_Extracted data_
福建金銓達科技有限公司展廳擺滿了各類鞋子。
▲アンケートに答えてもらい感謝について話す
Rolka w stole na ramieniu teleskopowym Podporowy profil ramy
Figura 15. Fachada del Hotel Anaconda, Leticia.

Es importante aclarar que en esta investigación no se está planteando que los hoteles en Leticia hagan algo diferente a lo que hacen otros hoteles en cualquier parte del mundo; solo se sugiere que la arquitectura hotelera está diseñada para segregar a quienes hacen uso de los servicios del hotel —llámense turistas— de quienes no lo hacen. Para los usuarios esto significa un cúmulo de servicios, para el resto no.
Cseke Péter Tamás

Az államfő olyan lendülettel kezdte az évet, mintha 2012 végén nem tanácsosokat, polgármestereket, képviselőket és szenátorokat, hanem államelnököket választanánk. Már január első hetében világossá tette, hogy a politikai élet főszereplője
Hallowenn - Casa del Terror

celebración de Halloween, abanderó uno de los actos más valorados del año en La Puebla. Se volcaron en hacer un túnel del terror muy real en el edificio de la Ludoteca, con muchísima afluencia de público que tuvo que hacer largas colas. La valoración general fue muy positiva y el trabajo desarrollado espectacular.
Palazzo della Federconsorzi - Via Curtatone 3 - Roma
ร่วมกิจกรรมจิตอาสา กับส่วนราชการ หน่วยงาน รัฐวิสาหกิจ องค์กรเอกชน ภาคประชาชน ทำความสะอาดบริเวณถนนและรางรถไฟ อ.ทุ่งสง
...
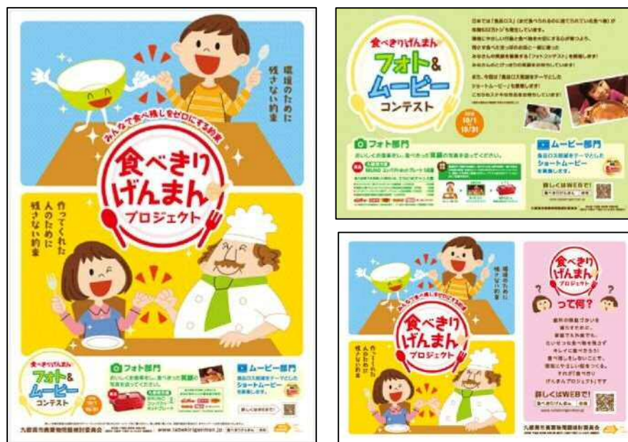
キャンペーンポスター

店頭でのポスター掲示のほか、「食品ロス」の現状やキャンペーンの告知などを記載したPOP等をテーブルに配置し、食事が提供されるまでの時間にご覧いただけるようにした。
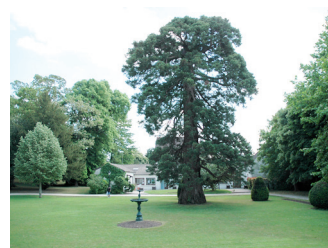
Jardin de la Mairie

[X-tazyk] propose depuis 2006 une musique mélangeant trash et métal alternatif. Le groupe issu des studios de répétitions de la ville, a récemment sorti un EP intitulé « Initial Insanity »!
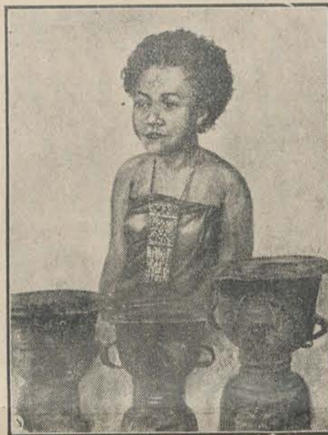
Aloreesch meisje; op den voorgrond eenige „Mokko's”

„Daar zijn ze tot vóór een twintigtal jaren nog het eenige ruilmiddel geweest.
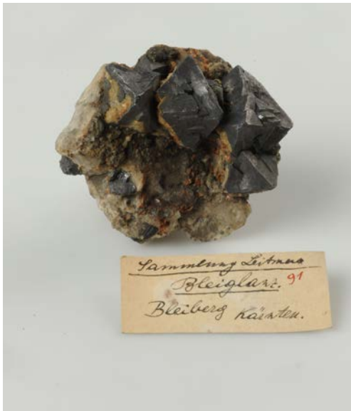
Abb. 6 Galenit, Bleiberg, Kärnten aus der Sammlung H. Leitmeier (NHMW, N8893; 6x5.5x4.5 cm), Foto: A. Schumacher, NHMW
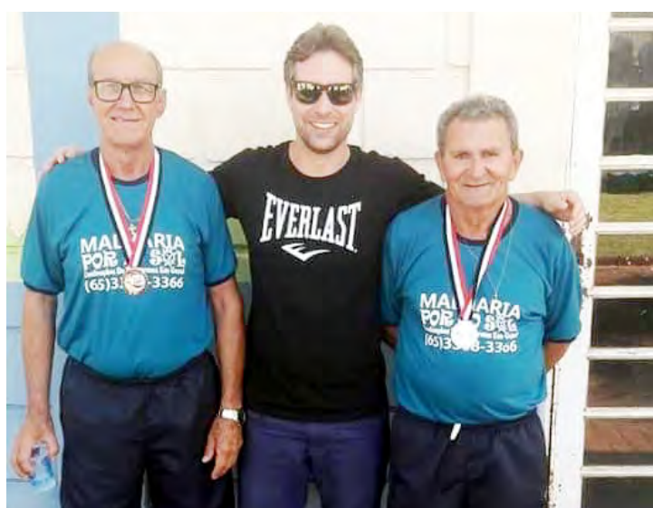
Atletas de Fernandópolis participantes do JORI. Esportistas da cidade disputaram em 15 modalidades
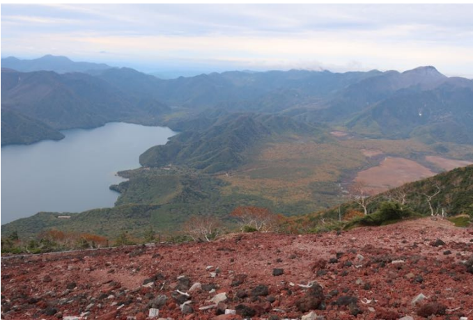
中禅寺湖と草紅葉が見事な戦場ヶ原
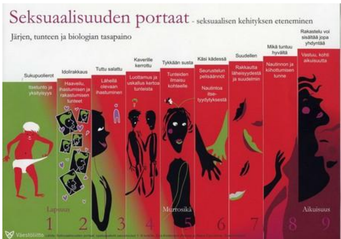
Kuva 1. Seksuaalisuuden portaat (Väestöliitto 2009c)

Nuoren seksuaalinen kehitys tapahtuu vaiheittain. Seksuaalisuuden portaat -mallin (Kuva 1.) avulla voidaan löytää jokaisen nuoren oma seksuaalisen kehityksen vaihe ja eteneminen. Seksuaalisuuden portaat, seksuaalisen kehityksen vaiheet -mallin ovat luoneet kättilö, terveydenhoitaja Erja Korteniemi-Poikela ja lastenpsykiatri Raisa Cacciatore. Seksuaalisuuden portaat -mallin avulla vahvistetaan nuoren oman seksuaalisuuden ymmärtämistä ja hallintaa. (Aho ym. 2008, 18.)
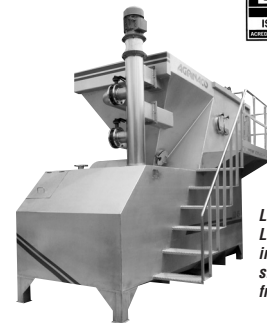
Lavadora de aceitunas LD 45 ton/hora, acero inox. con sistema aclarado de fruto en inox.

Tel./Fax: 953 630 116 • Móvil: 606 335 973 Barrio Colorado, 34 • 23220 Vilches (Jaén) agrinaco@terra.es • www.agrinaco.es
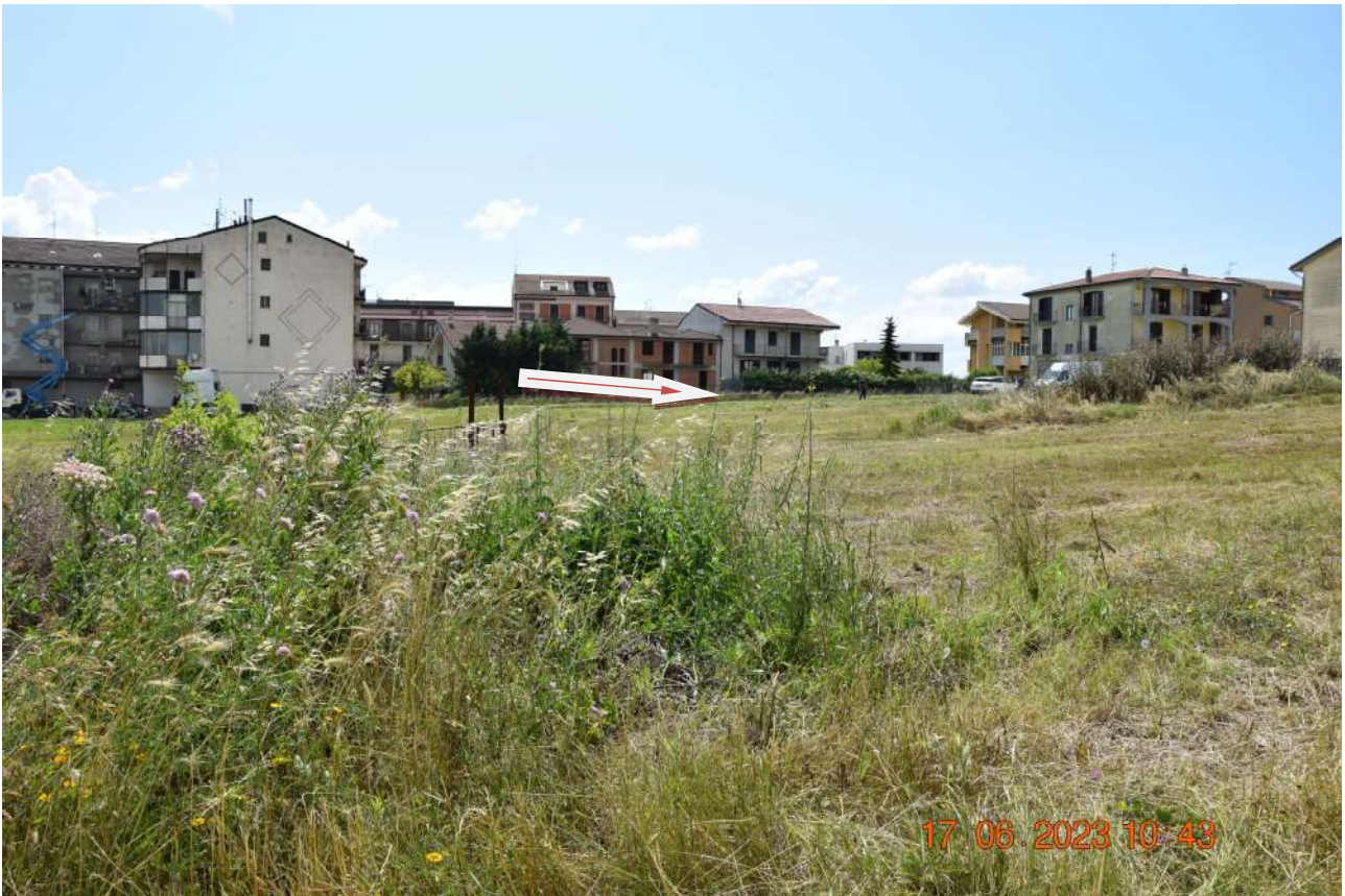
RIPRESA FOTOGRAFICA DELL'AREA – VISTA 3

_Exercise details_
Would you please repeat only the lines above, beginning at the one that has "Nuoren seksuaalinen kehitys" and stopping after the one that has "RIPRESA FOTOGRAFICA DELL'AREA – VISTA 3", exactly and with no pictures?

_Result below_
Nuoren seksuaalinen kehitys tapahtuu vaiheittain. Seksuaalisuuden portaat -mallin (Kuva 1.) avulla voidaan löytää jokaisen nuoren oma seksuaalisen kehityksen vaihe ja eteneminen. Seksuaalisuuden portaat, seksuaalisen kehityksen vaiheet -mallin ovat luoneet kättilö, terveydenhoitaja Erja Korteniemi-Poikela ja lastenpsykiatri Raisa Cacciatore. Seksuaalisuuden portaat -mallin avulla vahvistetaan nuoren oman seksuaalisuuden ymmärtämistä ja hallintaa. (Aho ym. 2008, 18.)
Lavadora de aceitunas LD 45 ton/hora, acero inox. con sistema aclarado de fruto en inox.

Tel./Fax: 953 630 116 • Móvil: 606 335 973 Barrio Colorado, 34 • 23220 Vilches (Jaén) agrinaco@terra.es • www.agrinaco.es
RIPRESA FOTOGRAFICA DELL'AREA – VISTA 3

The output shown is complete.